– Так вы не знаете Скоропадского, это честолюбец. Павло Первый совершенно серьезно мечтал создать свою династию в новом государстве, и кто знает, если бы немцы победили, быть может, ему это и удалось бы, а об России он мало печалился. Ну, теперь большевики поставили его на свое место, – добавил он не без злорадства. – Теперь он под фамилией Цуккерманна такой же беженец, как и мы с вами.
В один из первых дней моего пребывания в Берлине встретил я еще одно лицо, которое никак не ожидал здесь увидеть. Проходя утром через приемную комнату миссии, всегда очень многолюдную, так как ежедневно туда приходило очень много народу, главным образом из числа военнопленных, за разного рода справками, я мельком увидел человека высокого роста, который смутно напомнил мне генерала Вальтера{205}
, бывшего начальником штаба армий Западного фронта при генерале Балуеве. Но Вальтер носил бороду; последний раз я его видел на Университетской набережной в начале 1918 года. Как узнал от него тогда, он работал в качестве переводчика при Главном управлении Генерального штаба и поведал мне свои планы: основаться со своей семьей на Дальнем Востоке, приобретя там заимку. С места ему писали, что там все спокойно, больших имений нет, земли вдоволь, почвы для аграрных беспорядков не существует, семья из нескольких человек может легко прокормиться. Последний вопрос, столь острый во время тогдашней постоянной проголоди в Петрограде, по-видимому, в особенности побуждал его к этому шагу. Семья его должна была уже на днях отправиться во Владивосток, и он предполагал, закончив некоторые личные дела, вскоре последовать за ней.Таким образом, я был очень далек от мысли встретить его в Берлине, к тому же и отсутствие бороды сильно изменяло его внешность; забыл я о том, что и я сам по этой причине перестал быть похожим на себя.
Но вот вечером того же дня, Вальтер, который тоже не сразу признал меня и догадался, только услышав мою фамилию от одного из присутствующих, пришел навестить меня и поведал мне, в каком тягостном моральном и материальном положении он очутился.
Вскоре после нашего последнего свидания[115]

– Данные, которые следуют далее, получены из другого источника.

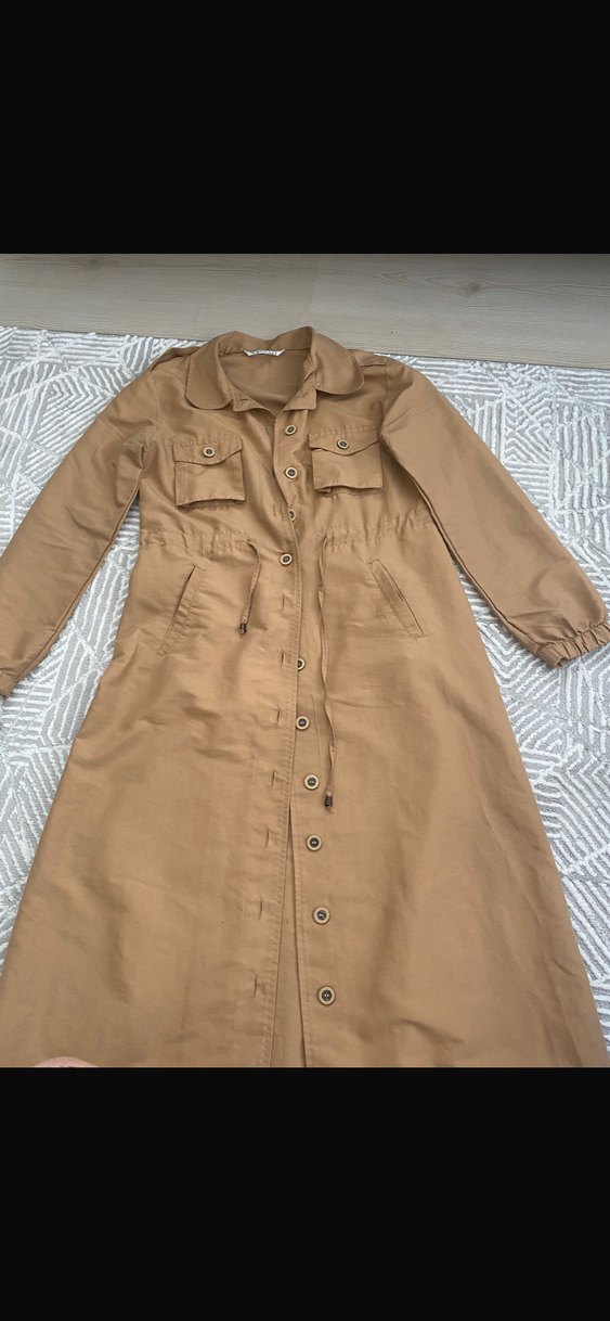 Bej renkli, uzun kollu ve düğmeli keten trençkot. Rahat kesimi ve kesik yakasıyla günlük kullanıma uygun casual tarzda.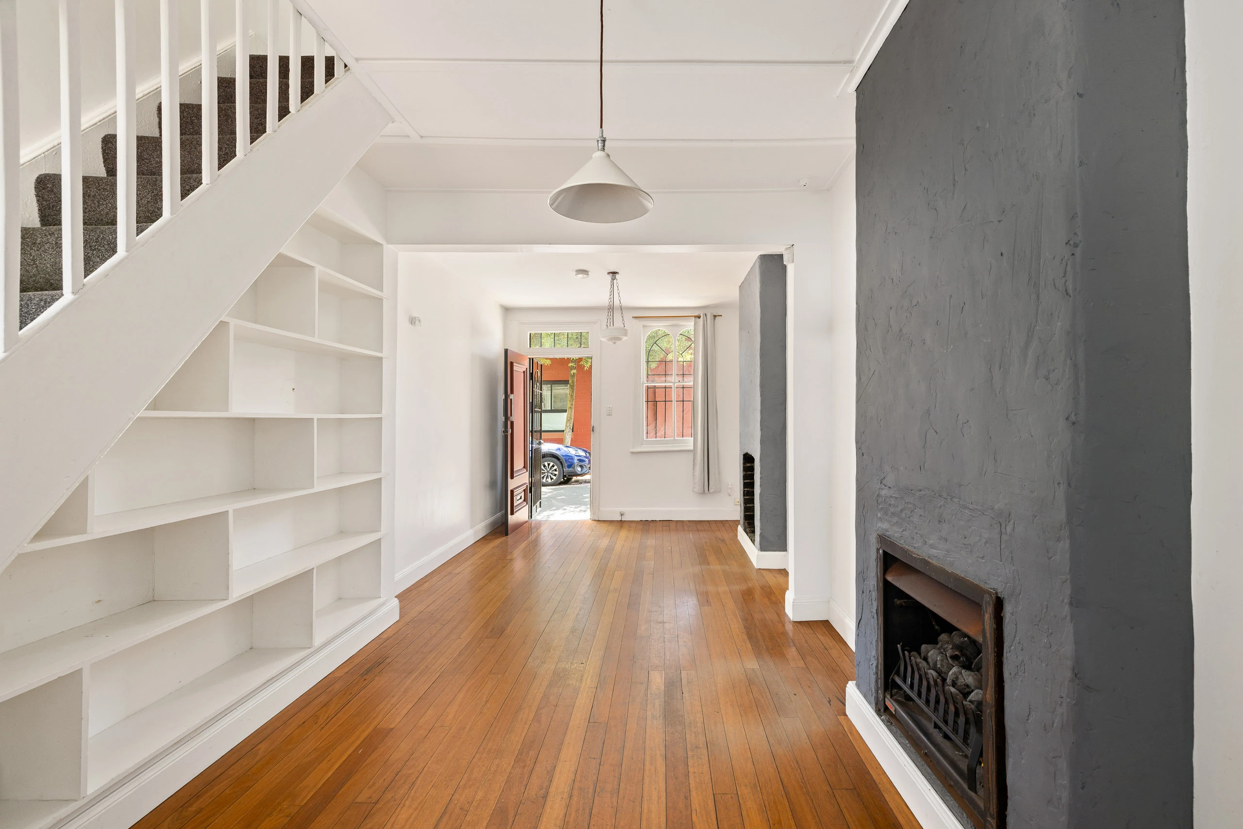 - Polished floorboards, carpet upstairs

он вместе со всеми главными управлениями военного министерства выехал в Москву и там, по рекомендации генерала Потапова, исполняющего должность начальника Генерального штаба, как владеющий английским, французским и немецким языками, был рекомендован на должность военного агента в Берлин.Видя в этом возможность выбраться из Советской России, он не отклонил от себя этого предложения и в составе посольства, возглавляемого Иоффе{206}
, прибыл в Берлин.Служба у большевиков крайне тяготила его, и он ждал только случая, который дал бы ему возможность покинуть ее. Такой случай представился, когда Скоропадский, в качестве главы государства, заключившего мир с Герма нией, приехал в Берлин на поклон к Вильгельму. Вальтер представился гетману и просил его принять его к себе на службу, получил согласие и, не говоря дурного слова, заявил Иоффе, что оставляет свою должность. Тот, конечно, пригрозил ему жестокой карой за дезертирство, но это не остановило Вальтера, и он одновременно с гетманом уехал в Киев.

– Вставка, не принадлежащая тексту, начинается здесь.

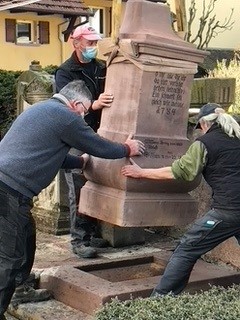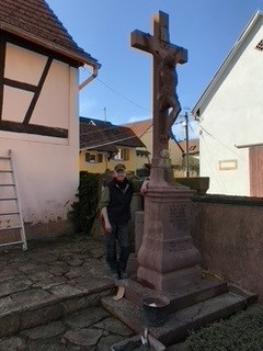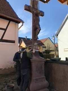 La croix avec le christ en croix (entrée de l’église), rénovée par Mme ARBOGAST a été ré-installée le 1er avril 2021.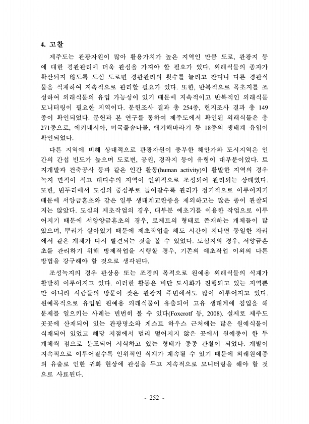 252 4. 고찰 제주도는 관광자원이 많아 활용가치가 높은 지역인 만큼 도로, 관광지 등 에 대한 경관관리에 더욱 관심을 가져야 할 필요가 있다. 외래식물의 종자가 확산되지 않도록 도심 도로변 경관관리의 횟수를 늘리고 잔디나 다른 경관식 물을 식재하여 지속적으로 관리할 필요가 있다. 또한, 반복적으로 목초지를 조 성하여 외래식물의 유입 가능성이 있기 때문에 지속적이고 반복적인 외래식물 모니터링이 필요한 지역이다. 문헌조사 결과 총 254종, 현지조사 결과 총 149 종이 확인되었다. 문헌과 본 연구를 통하여 제주도에서 확인된 외래식물은 총 271종으로, 에키네시아, 미국풀솜나물, 애기해바라기 등 18종의 생태계 유입이 확인되었다. 다른 지역에 비해 상대적으로 관광자원이 풍부한 해안가와 도시지역은 인 간의 간...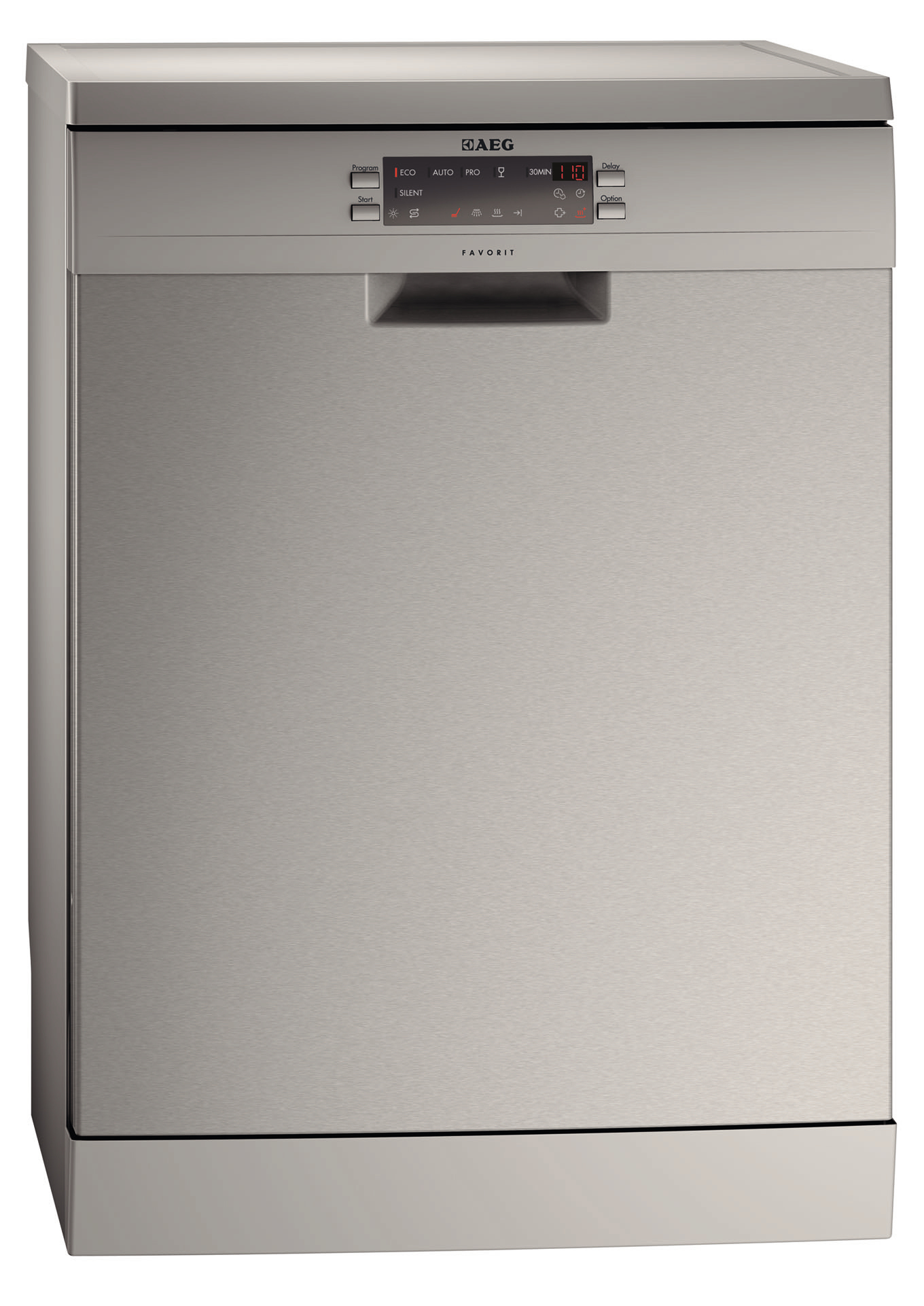 AEG F66702M0P. Posizionamento dell'apparecchio: Libera installazione, Colore della porta: Acciaio inossidabile, Colore pannello di controllo: Acciaio inossidabile. Numero di coperti: 15 coperti, Emissione acustica: 44 dB, Programmi speciali: Auto 45-70°C, Vetro/Delicati, Intensivo, Rapido. Consumo di acqua per ciclo: 11 L, Consumo di energia per ciclo: 0,961 kWh, Carico di collegamento: 2400 W. Larghezza: 596 mm, Profondità: 570 mm, Altezza: 850 mm. Classe efficacia di asciugatura: A, Consumo energetico annuo: 270 kWh, Consumo d'acqua totale annuo: 3080 L

Недолго пришлось ему пробыть в Киеве, и на одном из четырех поездов, о которых я упоминал выше, он снова вернулся в Берлин.
Советского посольства в Берлине уже не было, но русские эмиграционные круги не могли забыть Вальтеру, что он, хоть и короткое время, но все-таки был большевистским агентом. Обратился он было к генералу Монкевицу с просьбой привлечь его к какому-нибудь делу и тем разрешить острый вопрос о хлебе насущном, но Монкевиц, несмотря на личное знакомство с ним еще до войны, принял его крайне сурово, резко осуждая его добровольное поступление на службу к большевикам. Когда Вальтер доказывал ему, что вряд ли можно назвать акт поступления на службу добровольным, когда отказ влечет за собой голодную смерть всей семьи и у него другого выхода не было, то Монкевиц указал ему на пример Скалона{207}
, который, как известно, привлеченный чуть ли не силой к участию в Брестских переговорах, предпочел застрелиться.